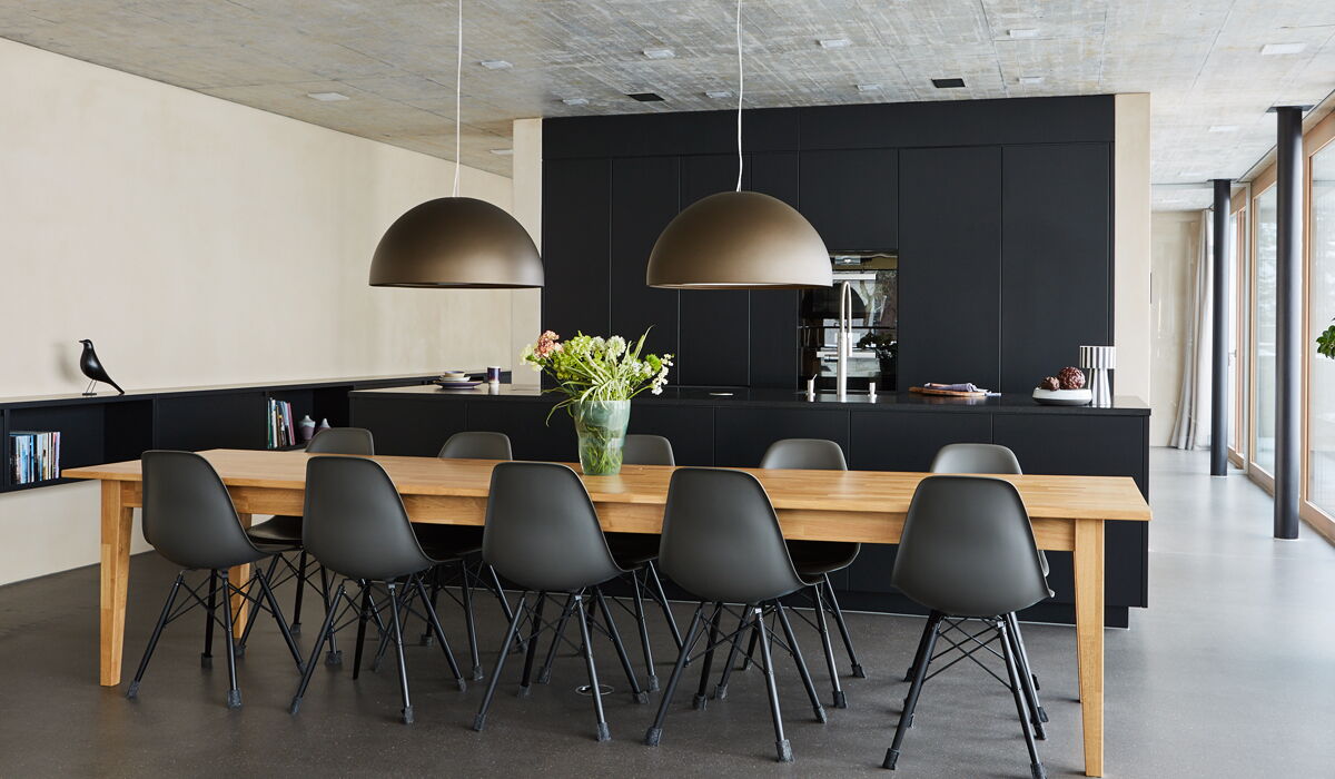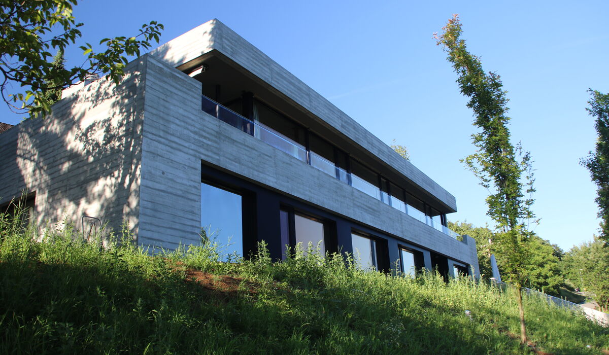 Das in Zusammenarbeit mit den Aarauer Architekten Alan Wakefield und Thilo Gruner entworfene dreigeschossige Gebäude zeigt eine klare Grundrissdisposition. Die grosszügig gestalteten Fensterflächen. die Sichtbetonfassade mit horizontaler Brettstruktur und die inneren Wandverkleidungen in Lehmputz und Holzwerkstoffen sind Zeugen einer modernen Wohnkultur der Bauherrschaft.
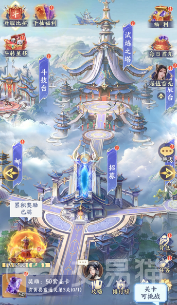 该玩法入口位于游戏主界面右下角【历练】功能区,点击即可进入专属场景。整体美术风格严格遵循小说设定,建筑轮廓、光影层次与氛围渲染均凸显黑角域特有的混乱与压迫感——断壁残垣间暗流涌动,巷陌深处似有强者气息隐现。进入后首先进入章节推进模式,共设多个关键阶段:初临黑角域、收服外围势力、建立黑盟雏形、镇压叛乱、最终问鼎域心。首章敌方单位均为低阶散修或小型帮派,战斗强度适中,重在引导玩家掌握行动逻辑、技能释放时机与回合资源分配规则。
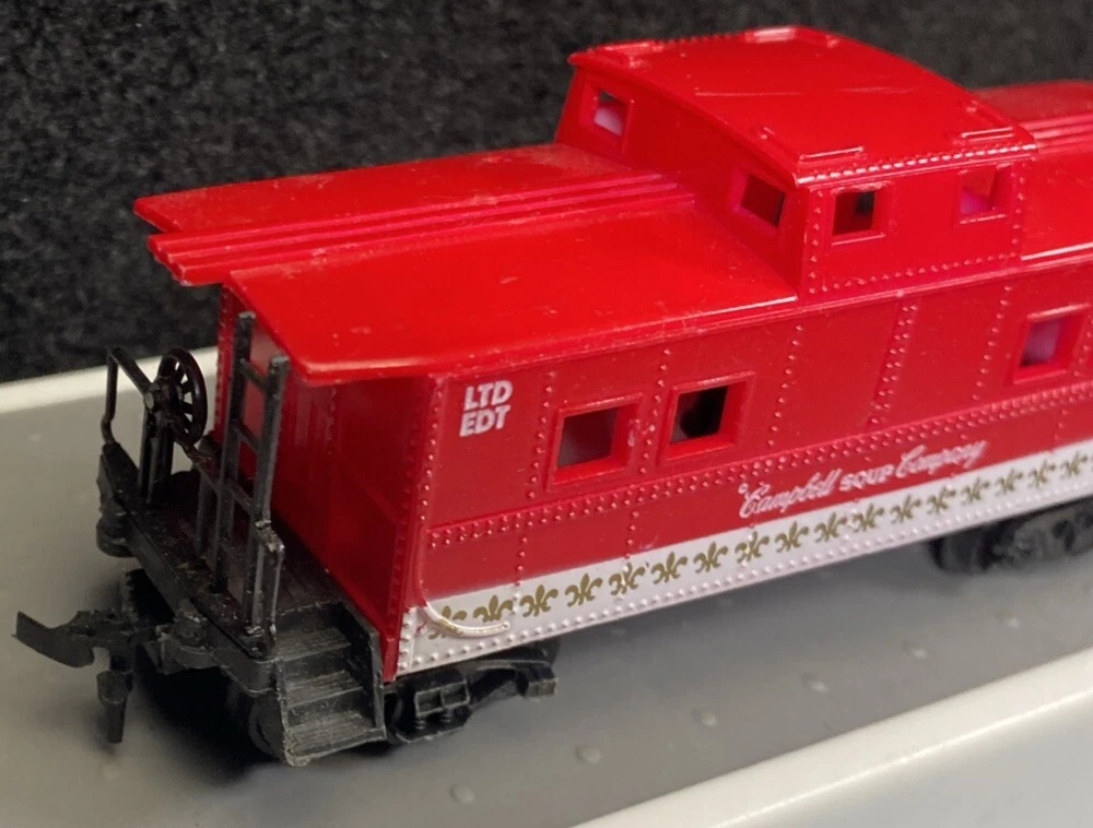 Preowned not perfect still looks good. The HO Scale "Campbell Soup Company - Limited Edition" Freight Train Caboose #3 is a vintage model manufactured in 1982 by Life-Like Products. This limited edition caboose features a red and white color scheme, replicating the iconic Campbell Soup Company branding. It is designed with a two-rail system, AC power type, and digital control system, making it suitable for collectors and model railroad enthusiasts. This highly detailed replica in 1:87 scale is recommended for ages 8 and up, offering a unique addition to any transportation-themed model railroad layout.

===============

● About this task
Give back the material word for word and drop the pictures it holds.

● Solved problem
 Das in Zusammenarbeit mit den Aarauer Architekten Alan Wakefield und Thilo Gruner entworfene dreigeschossige Gebäude zeigt eine klare Grundrissdisposition. Die grosszügig gestalteten Fensterflächen. die Sichtbetonfassade mit horizontaler Brettstruktur und die inneren Wandverkleidungen in Lehmputz und Holzwerkstoffen sind Zeugen einer modernen Wohnkultur der Bauherrschaft.
 该玩法入口位于游戏主界面右下角【历练】功能区,点击即可进入专属场景。整体美术风格严格遵循小说设定,建筑轮廓、光影层次与氛围渲染均凸显黑角域特有的混乱与压迫感——断壁残垣间暗流涌动,巷陌深处似有强者气息隐现。进入后首先进入章节推进模式,共设多个关键阶段:初临黑角域、收服外围势力、建立黑盟雏形、镇压叛乱、最终问鼎域心。首章敌方单位均为低阶散修或小型帮派,战斗强度适中,重在引导玩家掌握行动逻辑、技能释放时机与回合资源分配规则。
 Preowned not perfect still looks good. The HO Scale "Campbell Soup Company - Limited Edition" Freight Train Caboose #3 is a vintage model manufactured in 1982 by Life-Like Products. This limited edition caboose features a red and white color scheme, replicating the iconic Campbell Soup Company branding. It is designed with a two-rail system, AC power type, and digital control system, making it suitable for collectors and model railroad enthusiasts. This highly detailed replica in 1:87 scale is recommended for ages 8 and up, offering a unique addition to any transportation-themed model railroad layout.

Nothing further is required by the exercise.